— Послушай, а вон там, кажется, комикс. Дать тебе посмотреть?
Элинор с похоронным видом покачала головой.
— С твоей мамой все будет в порядке, ты же знаешь. А к утру вообще все пройдет.
— А они не… им не… не придет в голову отрезать ей руку?
— Господи помилуй, с чего ты взяла?! Конечно нет! Что за дурацкая мысль!
— Просто я видела фильм по телику — о человеке, который вернулся домой с войны без обеих рук. Так вот он не мог… не мог даже сам раздеться!
Элинор разразилась плачем. У меня защемило сердце. Я обняла ее и крепко прижала к себе. Мне стало немного легче, когда я почувствовала, как она, уткнувшись мне в живот, захлюпала носом, как всякий нормальный ребенок.
— Да, я понимаю. Есть вещи настолько ужасные, что с этим трудно смириться. Но со временем к этому привыкаешь… и как-то живешь дальше, вот и все. Конечно, такие вещи не становятся менее грустными, просто ты страдаешь от этого уже не так, как раньше.
— Правда? — Элинор уставилась на меня. Линзы ее очков были залиты слезами, так что я почти не видела ее глаз. — А этот человек… он тоже потом привыкнет? И не будет так мучиться, да?
— Думаю, со временем, конечно. Когда такое случается, многие люди уходят в себя… а потом находят в душе то, что помогает им справиться. Назови это как угодно — мужество, сила воли, чувство юмора, наконец… да что угодно.

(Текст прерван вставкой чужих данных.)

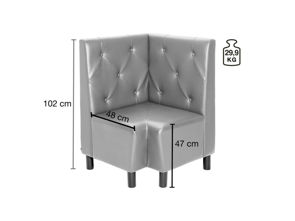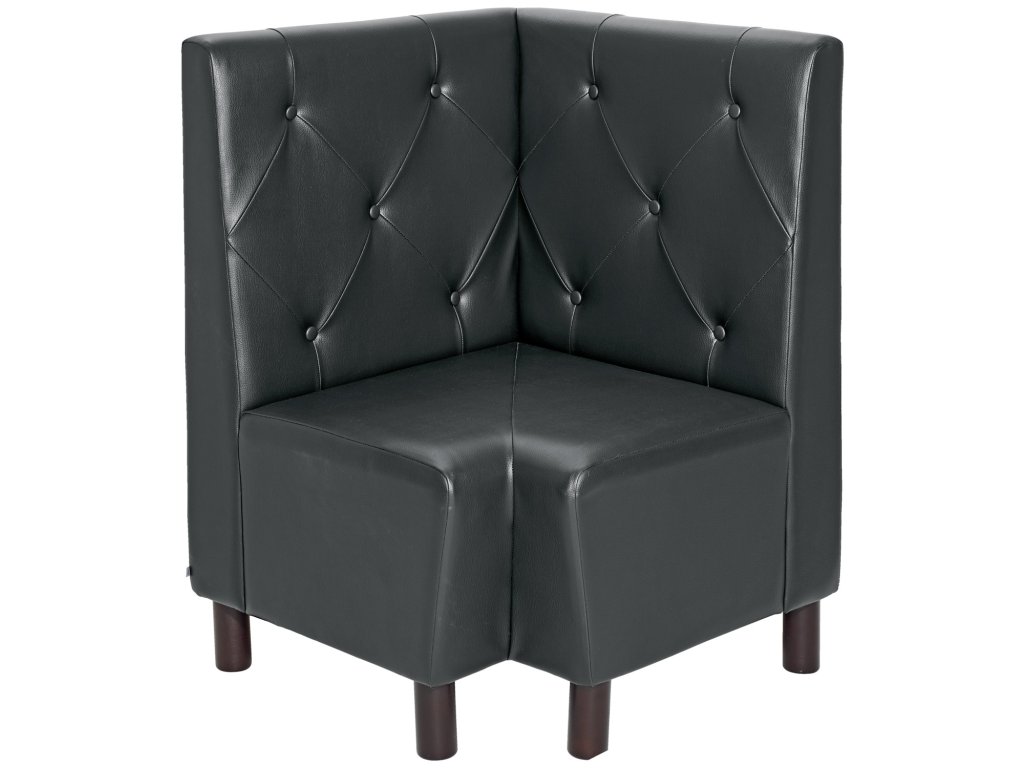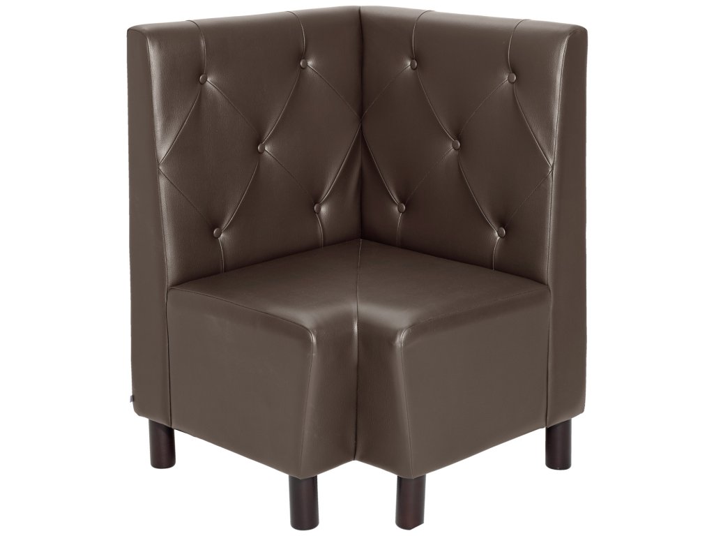 Moderný rohový prvok z masívneho moreného bukového dreva s imitáciou kože. Vysoké operadlo a celočalúnené čalúnenie zabezpečujú príjemný komfort sedenia. Ľahko udržiavateľný poťah odolný proti oderu a ohňovzdorný. Možno prepojiť s ďalšími prvkami pomocou spojovacieho kovania - objednajte si ho prosím samostatne (číslo položky: 10093926). Vhodné len na použitie v interiéri. Dodáva sa čiastočne zmontovaný - stačí priskrutkovať nohy. Zodpovedajúcu 2-miestnu lavicu si objednajte samostatne.Dodatočné parametre

— И вы думаете, я тоже справлюсь? Но как?
— Но ведь с тобой, слава богу, пока что не случилось ничего ужасного, — пробормотала я, тронутая ее искренностью до глубины души.

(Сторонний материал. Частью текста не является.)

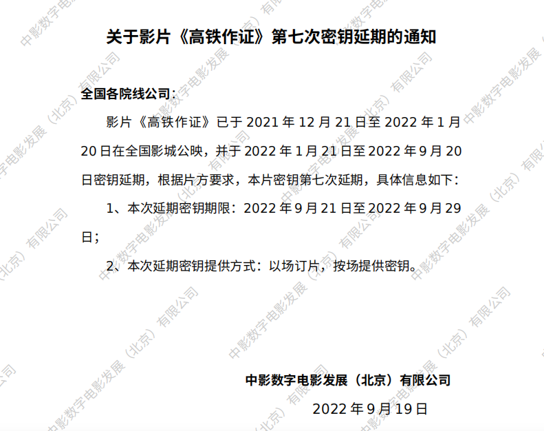 《高铁作证》第十一次密钥延期的通知

— Да-а… а школа? Что может быть ужаснее, по-вашему? Иной раз я думаю, что просто не выдержу больше. Знаете, как меня дразнят? Жирным слизнем! Дейдра Райт как-то раз притащила в школу такие пилюли — от глистов, кажется, — так они напихали мне полный рот и велели проглотить. Ух как меня потом тошнило! Меня вечно дразнят, что я противная, как слизняк, что от меня всегда воняет. Да вот хотя бы на прошлой неделе… мне налили клею на стул, а я не заметила и села. Платье сзади все перепачкалось, конечно. И мне влепили двойку за внешний вид. Дейдра вопила, что это, дескать, та мерзость, которая вечно течет из меня. А потом они стащили мои книги и спрятали их и сломали мою ручку с металлическим пером. А в пятницу вылили чернила мне в портфель. Мама тогда здорово разозлилась, даже не поверила, когда я сказала, что это они сделали, а не я. Мама сказала, что я неаккуратная. — Голос девочки задрожал от обиды. — Иногда я молюсь, чтобы заснуть и не проснуться утром. Но всякий раз просыпаюсь.
— А как ты думаешь, почему другие девочки тебя не любят? — Жалость к этому бедному, простодушному ребенку захлестнула меня с такой силой, что у меня даже горло перехватило.
— Потому что я жирная, скорее всего. Полли Саксби говорит, что я самая уродливая девочка в классе.
— И вовсе ты не уродливая, — с неожиданной теплотой возразила я. — Могу поспорить, на что угодно, что со временем ты будешь очень хорошенькая.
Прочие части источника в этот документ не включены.